Bank tax bipartisanship won’t fix budget black hole: Bowen

  • By Andrew Starke

The Turnbull government's proposed tax on Australia's major banks passed its first hurdle on Monday afternoon but the big four and Macquarie look to have won some concessions.

Lower house MPs voted in favour of the 0.6 per cent levy on Westpac, ANZ, Commonwealth Bank, NAB and Macquarie, with the legislation now returning to the upper house where it is expected to be addressed as a matter of urgency.

Parliament is in its final sitting week before breaking on Thursday for the customary six-week winter hiatus. The bank levy will need to pass both houses before then if it is to be implemented from 1 July as proposed.

While Labor supports the tax in theory it spend much of Monday’s debate criticising the government on a number of points around the bank levy.
 

Government fig leaf

Labor MP for Griffith, Terri Butler, described the bill as a smokescreen for the government's unwillingness to take on the big banks and called for a royal commission.

“As you know, Labor said and made very clear that we would not oppose this bill. But we have also expressed some significant scepticism about the intention and the seriousness with which this government is pursuing this new levy, this new tax, particularly given that the government remains obstinate in refusing to support public calls for a royal commission into the banks,” she told parliament on Monday.

“Instead we have this levy which is really a fig leaf for the government's refusal to take on the banks. Given the projections that have been made, it is a levy that would raise less than would be given back to the big banks through the government's corporate tax cuts, in the event they can be successful in getting their corporate tax cuts into law.”

Shadow Treasurer Chris Bowen said there was “a very significant shortfall” in the government’s numbers with the big four banks plus Macquarie Bank on a post-tax contribution of $1.015 billion – “which falls significantly short of what the Treasurer told us in his budget speech”.

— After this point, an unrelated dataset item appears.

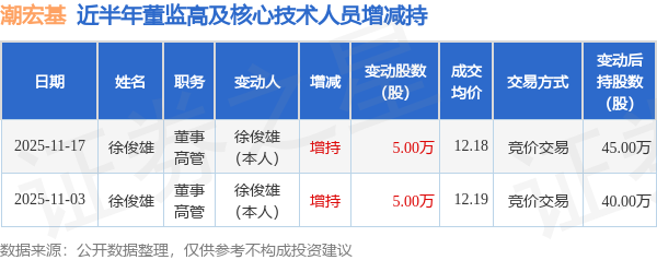 证券之星消息,根据11月18日市场公开信息、上市公司公告及交易所披露数据整理,潮宏基(002345)最新董监高及相关人员股份变动情况:2025年11月17日公司董事,高管徐俊雄共增持公司股份5.0万股,占公司总股本为0.0056%。变动期间公司股价下跌1.37%,11月17日当日收盘报12.24元。

“If you take that over the forward estimates, you get to a $2 billion black hole in the Treasurer's budget. This comes to the matter of competence. This is the point we make,” he told parliament.

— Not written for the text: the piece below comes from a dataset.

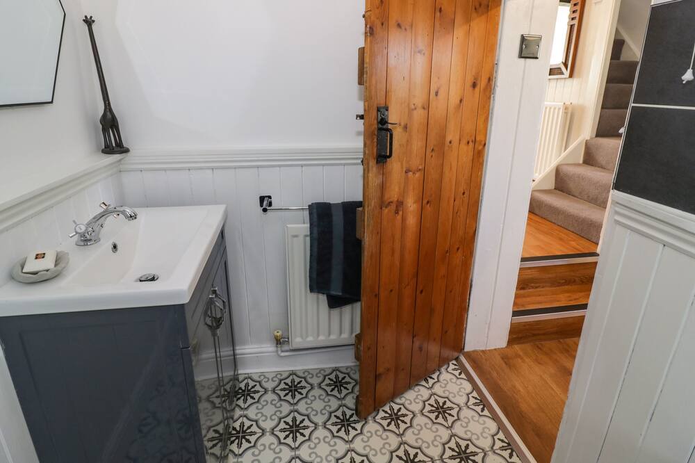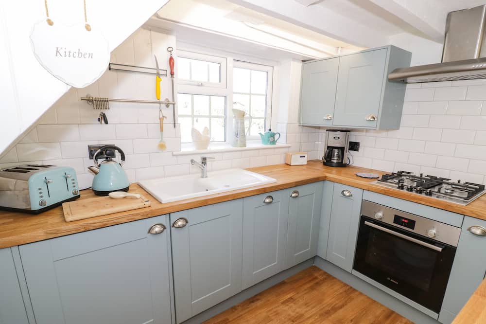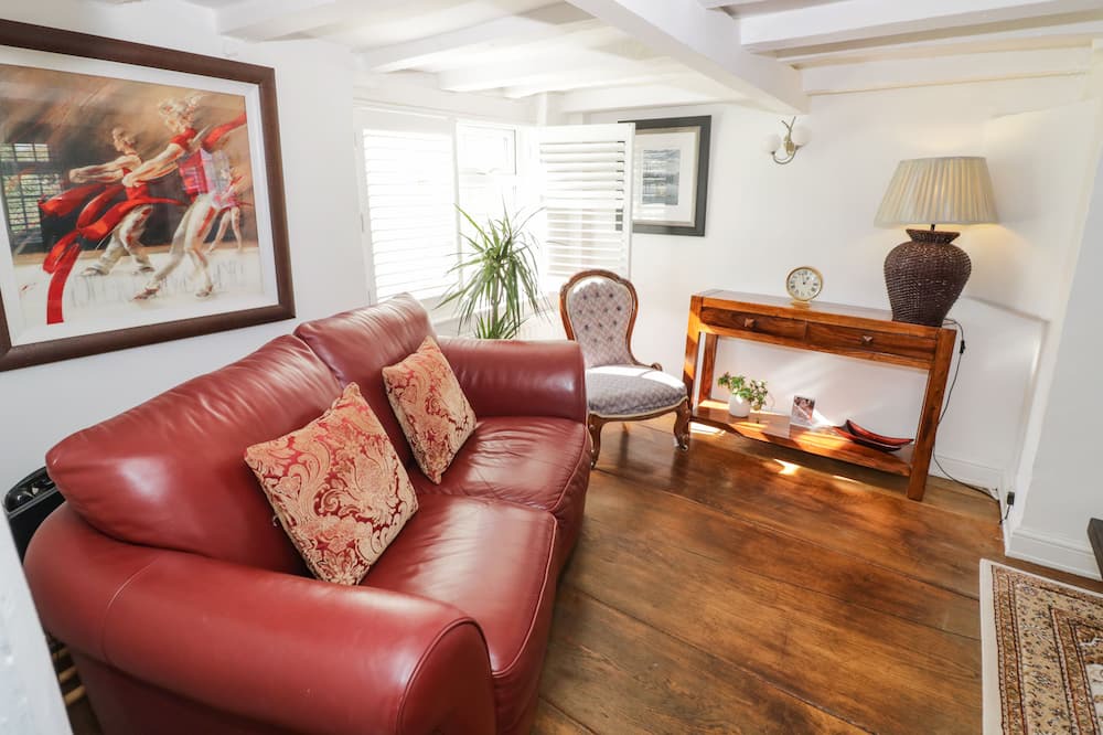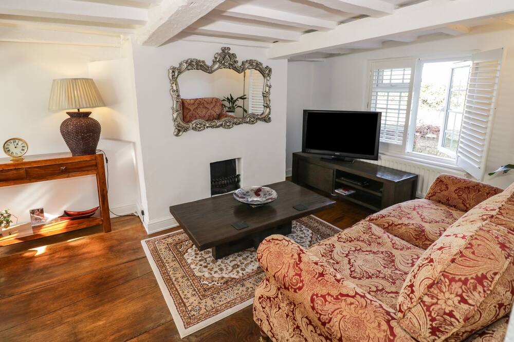 Amenities: Gas central heating with woodburning stove. Electric oven, gas hob, microwave, fridge, freezer, washing machine, dishwasher, coffee maker. Smart TV, WiFi. Fuel, power and starter pack for woodburning stove inc. in rent. Bed linen and towels inc. in rent. Highchair and travel cot available on request. Off-road parking for 2 cars. Enclosed front garden with lawn, patio and furniture. Sorry, no pets and no smoking. Shop 0.1 miles, pub 0.6 miles. Note: There is a low, beamed ceiling in the sitting room. Note: There are sloped ceilings and exposed beams throughout the first floor. Note: There are steps down into the kitchen, please take care

“We sometimes get pleas for more bipartisanship, but, when the Labor Party offers the government bipartisanship, time and time again we see the implementation being bungled. The fact of the matter is it is now incontrovertibly the case that the Treasurer has a black hole on his hands.”
 

Chest-beating tough guys

Bowen added that the Treasurer should be honest about the tax being borne by consumers.

“The Prime Minister and the Treasurer have been out there beating their chests, being 'Mr Tough Guy' and saying that it would not be passed onto consumers, that they would be very angry with the banks if they attempted to pass it on to the consumers and that the ACCC was empowered to deal with it,” he said.

“When we had a bank levy, which was, admittedly, 10 times smaller than the Treasurer's bank levy, we were upfront about the fact that it might be passed. The Treasurer continues to deny it, but his Treasury officials are more honest.”

According to the Senate committee report, tabled in parliament on Monday following a public hearing in Canberra on Friday, "on the basis of the evidence provided, the committee considers that the proposed levy will contribute to the budget repair process, assist in making retail banking services more competitive, and will not undermine the stability of the financial system.”

While recommending that the Bill be passed, the committee added that a review be conducted by the Senate Economics Legislation Committee in a minimum of two years to examine: the efficacy of the policy in fulfilling its stated objectives; the effect on competition in the Australian banking market; and whether the levy is required in perpetuity, including the need for a further review at the time the stated objective of the levy is achieved; that is when the budget has been 'repaired'.
 

Macquarie, foreign banks

The committee also recommended that Treasury “provide greater explanation as to the rationale for the method of liability calculation which presently excludes foreign banks, and specifically provide an explanation as to why Macquarie Bank is subject to the levy while foreign based competitors are not”.

The Australian Bankers’ Association on Monday welcomed the Senate Economics Legislation Committee report on the major bank levy.

“The Committee has made a number of recommendations which recognise that the consultation process was truncated,” ABA chief executive Anna Bligh said. “The ABA supports the Committee’s recommendation for a Parliamentary review in two years’ time to examine the impacts of the tax, including if it is appropriate to introduce a sunset clause once the Budget is in surplus.

“This review was recommended by a number of banks and I’m pleased to see the Committee take the concerns of affected banks seriously. We urge the Federal Government to more fully investigate the issue of double taxation, as recommended by the Committee, to ensure that Australian banks are not disadvantaged when they compete offshore.”

UPDATE: The bank levy passed the Senate late on Monday night.